The kids were down by 4 runs in the 4th inning of the semi-finals. They had been playing hard the whole game but they still needed 4 runs just to tie the game. The score was 6-2. They all felt defeated. Some had not hit the ball well while some had made mistakes in the field. They felt that winning the game was a task that was insurmountable. As they came in to bat in the bottom of the 4th inning, their heads were down.
This is when one very smart mother stepped in. She picked up some sour candies at the concession and asked all the kids to put a sour candy on both sides of their mouth, in the back of their cheeks, to suck on. They weren't sure what to think but they weren't about to decline an offer of candy!

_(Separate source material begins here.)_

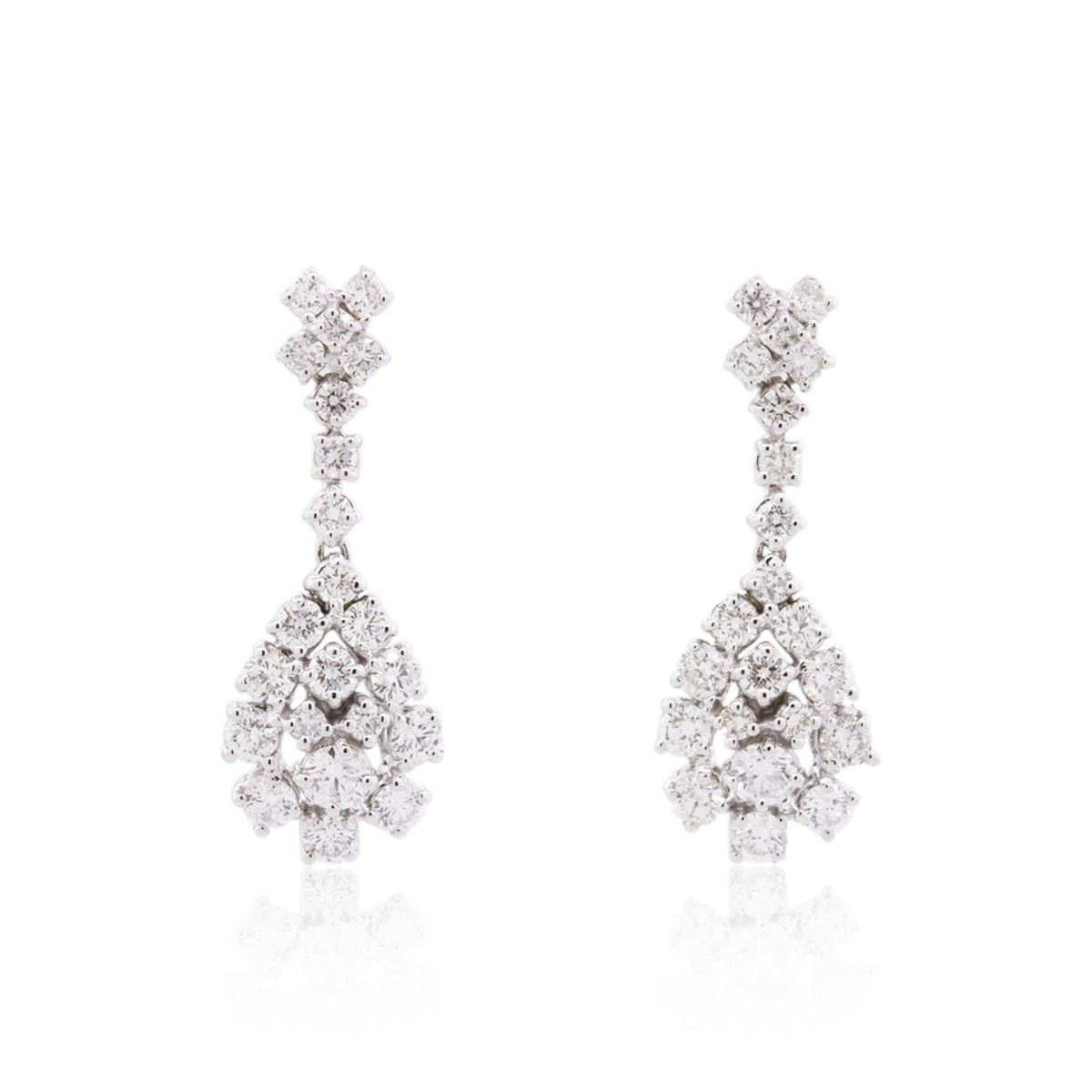 One pair electronically tested 14KT White Gold ladies cast & assembled diamond earrings with standard backs. Each earring features a diamond cluster drop, completed by a diamond floret. Bright polish finish. Identified with markings of "585". Condition is new, good workmanship. Containing: Forty-four prong set round brilliant cut diamonds, measuring 3.50mm to 1.80mm, approximate total weight of 44 stones = 2.87ct. Graded in the setting. Clarity VS-2 to I-1. Color G-I. Total weight of Diamonds 2.87ct. Total weight of Earrings 5.48gm. AIG Appraised at $9,730.00.

As they started to swing their bats to prepare for the inning, we could already tell that they had reset. They looked like the game hadn't started yet! Their heads weren't hanging down, they were ready to play! In that inning they scored 7 runs to take the lead. Defensively, the opposing team came back to score 3 runs, tying the game at 9. So they came up to bat again in the 5th inning, and they scored another run to take the
lead! Heading into the final inning, they had more energy and confidence than you could ever imagine. Nothing was going to stop them at this point. When they collected the final out for the win, all the kids and parents erupted as they had just earned their spot in the championship game. With that momentum, they went on to win the championship.

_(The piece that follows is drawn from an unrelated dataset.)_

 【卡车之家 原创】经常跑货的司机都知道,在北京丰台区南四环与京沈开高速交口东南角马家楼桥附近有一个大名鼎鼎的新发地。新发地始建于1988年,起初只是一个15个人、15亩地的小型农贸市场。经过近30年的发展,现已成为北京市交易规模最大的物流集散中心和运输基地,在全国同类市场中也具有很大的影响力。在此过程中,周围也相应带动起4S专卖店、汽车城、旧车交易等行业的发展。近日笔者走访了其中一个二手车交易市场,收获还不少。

Grounding skills are a type of coping strategy that allow us to focus our attention away from what is bothering us most. We often try to think our way out of an emotional experience and use words to convince ourselves or others to “just stop feeling that way.” We say to our children, “Just stop it, it’s not that big of a deal, you’re
overreacting.” We need to "regulate" or "act" our way out of it.
Think of emotional flooding as a small fire happening in the middle part of the brain (the limbic area) and your job is to put the fire out. As parents or care providers we grab the tools of language and conversation to squelch this fire, but find it often aggravates the situation or as I describe it to the parents I work with, "it’s like putting gasoline on a fire when we want it to go out.” A few examples of how we fuel the fire are when we say, “Don’t feel that way, stop it, it’s not that big
of a deal, you’re overreacting.” When this rationalization does not work the child becomes more upset and the adult joins in and becomes emotionally flooded as well and now there are two fires to put out and no effective tools to do it.

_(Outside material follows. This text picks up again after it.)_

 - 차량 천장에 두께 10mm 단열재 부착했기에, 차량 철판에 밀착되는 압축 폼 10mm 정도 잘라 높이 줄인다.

Goal 1: To create a shift in the negative emotional experience in order to perform the best they can.
To change the negative thoughts that flood the brain and overwhelm the body, e.g., “We are never going to win, it’s over, We are horrible, I’m not good enough to play on this team, I feel horrible, I can’t do it.”
To learn how to manage big emotions and respond in a way where they are in charge of how they want to move through them.
Step 1: Awareness is key--we have to be aware of how we are responding in order to adjust it. Often kids need their elders to help them notice their shift. Hand them something sour and gently say here, try this and then wait for them to shift before you talk.
Step 2: Move through it with your child – less talking and more walking. Don’t put the gas on the fire, you are the extinguisher and teaching them how to regulate their internal system. This is a life-long skill!
Why it works: The acid in sour foods triggers a response on your taste buds which releases chemicals that relay a message back to your brain. The chemical released is the mood-regulating neurotransmitter Serotonin. That cringe that you experience at the back of the mouth is releasing a message to your brain which can create the shift you are desiring. Serotonin is responsible for many actions within your body but it is
known as one of the happy chemicals. There is no need to talk it out, let your body and brain use the magic it innately holds.